I have the G7X II, which was my travel camera until late 2019. It takes great pictures. I have framed 13” x 19” pictures I made with it hanging on my walls. I took some of them to display at a neighborhood art show a couple weeks ago. I took it on my last trip in fall, 2019, as a backup. I replaced it with the G5X II, which I really didn’t need. It costs a little more and has some small advantages. I used the popup viewfinder occasionally when the sun was too bright for the screen to be of much help. The viewfinder is useful for framing and zooming, but not good for focusing. Autofocus is good enough that is not a problem anyway, and the little lens gives broad depth of field. The lens on the 5 is a little better, I think, but anyway zooms in slightly more to a 120mm equivalent. The 5 will shoot 4K video, but I have not used that enough to have an opinion.
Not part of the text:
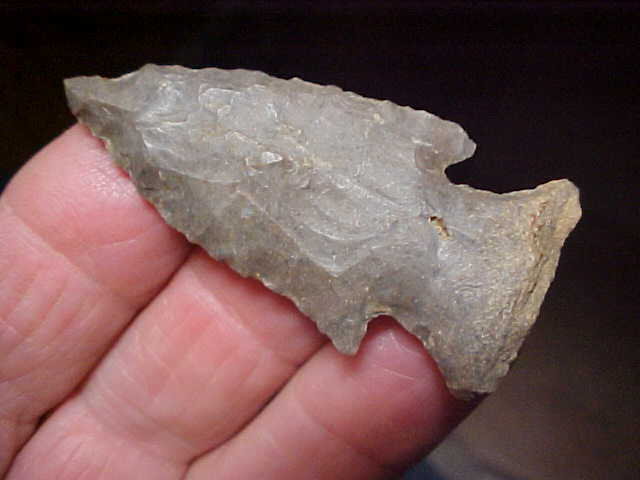 Yeah, that base is a tough 'match up'...no--or so little basal grinding that the piece has to be Late Archaic into Woodland, but not a "true" Motley point base, not a Hamilton, Smithsonia, or any of a half-dozen other point types from that era. In a fashion it's as though the point was a "reconstructed Hardin", but a Hardin would have basal edge grinding. The late B.Wilson found the point in Massac County, Illinois, along the Ohio River--the type hornstone is a western Kentucky material, 2&3/16" by 1", but only a quarter inch max thickness. Note the sharpening technique is Woodland Culture workmanship, percussion flaking, sharpened from each face out to the edge (quadra-facial)--so if that isn't Woodland work, nothing is. Call it a 'variant of a Motley', that's the best classification I can give the piece--but REAL in every detail. Shipping is $8.00 (USPS minimum these days), checks, cash, or M.O.s are welcomed however I do not use paypal-type services--Roy A Oh--one last comment, Go Hoosiers!!!

I also briefly considered the M50, but decided that I wanted to stick with something that would fit in my pocket. Its advantage would be that I could put on a wider lens than the 24mm equivalent of the G cameras. In travel I never need anything longer than the 120mm, but scenic vistas and tight interiors can need stitching. The G7X III didn’t appeal to me. Its new features didn’t fit my needs and interests.

So from my experience, I can highly recommend the G7X II. It is a great choice for the money. If you want to spend more and don’t mind something larger, then there are some good alternatives.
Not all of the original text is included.